7 de julio: escuela de civismo
Comenzaron los Sanfermines de 2015 con una fuerte campaña de concienciación contra el acoso sexual en las aglomeraciones, tumultos, montoneras y demás roces y trituraciones que conlleva esta fiesta. De tal modo se sumaba el Consistorio pamplonés a las numerosas campañas y ordenamientos municipales que por doquier florecen para difusión de lo que en lejanos tiempos fue llamado “civismo”; normativas que debido a su severidad han sido muy criticadas pero con las cuales no dejo de estar críticamente de acuerdo, ya que, por regla general, quien mea en puerta ajena no lo hace en la suya, así que la pretendida necesidad de la micción resulta ser disfraz de la hipocresía y la mala leche, tan simplona en su afán de negativa ejemplaridad.
Frente a estos malos hábitos humanos, siempre he puesto como ejemplo a los nobles morlacos del encierro, todo un modelo de corrección y profesionalidad; fíjense si no en cómo sosiegan admirablemente el natural envite de sus tripas mientras persiguen a los mozos —y mozas, cada vez más— sin duda contra natura, porque ya se sabe que el bóvido es animal poco continente y muy dado a la deposición repentina, además de voluminosa, tamaño pan de hogaza king size. Por ello me he sentido muy decepcionado en este primer encierro sanferminero ante el bochornoso comportamiento de dos astados. Y así lo denuncio públicamente.

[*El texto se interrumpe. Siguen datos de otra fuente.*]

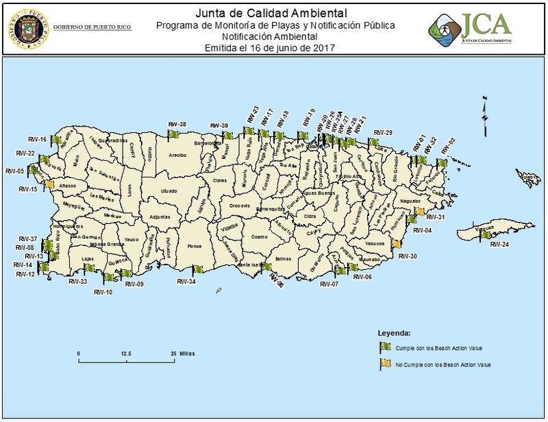 Luego de ser sometidas a los análisis correspondientes en el Laboratorio de Investigaciones Ambientales de Puerto Rico de la JCA en los muestreos del 14 y 15 de junio de 2017, las siguientes playas se encuentran bajo bandera amarilla:

Uno de ellos ha tomado la curva de Mercaderes por la derecha, contraviniendo todas las buenas costumbres de la carrera —y aún de la naturaleza— y fastidiando los selfies y demás inquietudes artísticas del tropel de infiltrados reunidos en ese flanco dela calle, creyéndose los muy simples a buen recaudo. Y de modo simultáneo a tan desconsiderada conducta, uno de sus hermanos, el gigante que abría manada a la entrada de Estafeta ha lanzado a un corredor contra una tubería, desagüe o similar sujeto a una pared, rompiendo el conducto con el golpe, y sin poder disimular la satisfacción por el estrago con excusas del tipo de “ha sido un accidente, yo solo perseguía al hombre”.

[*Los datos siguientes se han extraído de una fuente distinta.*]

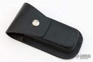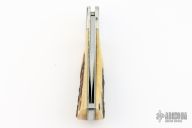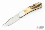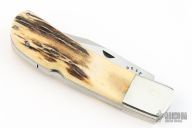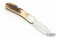 This J Lockback by Enedino De Leon features a satin finished blade with nail nick. The handle has dovetailed nickel silver bolsters, stag scales, nickel silver liners, stainless steel backspacer. Comes with a black leather sheath. Has some scratches, otherwise good condition.
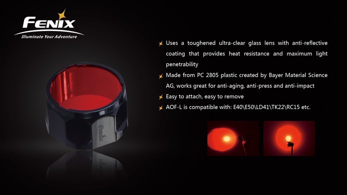 Светофильтр изготовлен из высококачественного поливинилхлорида (ПВХ), стойкого к механическому воздействию, нагреву и перепадам температур. Фильтр является прекрасным дополнением к фонарям Fenix E40, E50, LD41, TK22, TK22 (2014 ed.), RC15, UC45. Отличное решение для любителей ночной охоты.

Fuentes bien informadas confirman que en los toriles se ha formado un tribunal de honor; que los dos infractores han sido condenados a veinte varazos y que podrán apelar al Supremo Consejo Bóvido Legislativo antes de que finalice la semana... Cuando ya no habrá jueces ni juzgados, por imperativos del programa taurino. De cualquier modo, la memoria de estos dos cornúpetas quedará inscrita en los anales negros de la fiesta, como la de aquellos toros que con su vil comportamiento se rebajaron a la categoría de humanos. ¡Menudo baldón!

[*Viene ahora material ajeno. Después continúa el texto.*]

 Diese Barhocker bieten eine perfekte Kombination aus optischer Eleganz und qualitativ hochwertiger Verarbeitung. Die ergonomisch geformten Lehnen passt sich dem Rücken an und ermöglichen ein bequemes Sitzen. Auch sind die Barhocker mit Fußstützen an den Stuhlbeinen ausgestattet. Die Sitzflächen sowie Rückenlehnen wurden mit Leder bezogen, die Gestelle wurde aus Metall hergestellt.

8 de julio: pesimismo antropológico
No pienso hablar en esta nota sanferminera de las hipotecas subprime o la burbuja inmobiliaria, artificios diabólicos que rompieron el saco de prosperidad de las cuentas públicas que maternalmente prohijaron las deudas de unos pocos de sus hijos, por cierto los más acaudalados (¿quién dijo que el amor filial es el más bello de los sentimientos humanos?). No, evitaré torturarme así en estas felices fiestas, pero resulta evidente que la naturaleza humana tiende a la jactancia, la acaparación, el abuso y el derroche, y que estas cuatro taras, productos erróneos de nuestra conformación genética, también se ejemplifican con fidelidad en los encierros de Pamplona, y con más acritud si cabe los días en que el pamplonés comenta “Hoy hay poca gente”, cuando la densidad humana en el recorrido de la carrera no supera las cinco cabezas humanas por metro cuadrado, sin contar las de los bóvidos.
Jornadas como la de hoy son felices para el corredor de raza, entre los cuales no faltan los exhibicionistas, porque si contarlo es tan satisfactorio como hacerlo (y en este punto no me refiero precisamente al encierro), que te vean resulta tan gratificante como verse allí abajo (en este caso sí que hablo de correr los toros). Y si la tupida y polícroma cola es la galanura del faisán, cabe pensar que la hombrada del encierro es el entorchado de macho del buen pamplonica. He ahí la jactancia.
Prosigamos con tan peculiar repaso de lacras antropológicas. En los días de poco público —porque ya hay casi tanto mirón dentro del recorrido como fuera del mismo, ¡y eso que lo televisan!— como este 8 de julio de 2015, el corredor de pedigrí sale de casa descansado, limpico y convencido de que será su mejor ocasión para coger toro y marcarse una carrera espectacular. Una vez prestos a la tarea, los mozos se lanzan sobre las astas de los morlacos cual protagonistas de un suicidio colectivo, en busca del puesto de mayor relumbrón en la carrera, ávidos de gloria (la codicia). Pero al igual que la economía, ciencia de la administración de los bienes escasos, el encierro conlleva sus limitaciones, por ser recorrido de espacios y tiempos parvos, en los que hay que luchar a brazo partido, casi a dentelladas, por ganar y mantener incluso fuera de toda cordura esa posición de escaparate (el abuso); un esfuerzo egoísta en el que languidecen las siempre finitas fuerzas humanas (el derroche) y que acaba con el corredor ora postrado en tierra ora relegado a la montonera de los flancos de la calle. Porque la ambición es un espejismo que convierte la fugacidad de los momentos que enhebran la vida en la mentira de la eternidad, y solo un par de cornadas como las recibidas esta mañana por un mozo australiano —y lo empitonó un cabestro, ¡qué poca épica!— son capaces de devolverte al ruedo de las coordenadas euclidianas.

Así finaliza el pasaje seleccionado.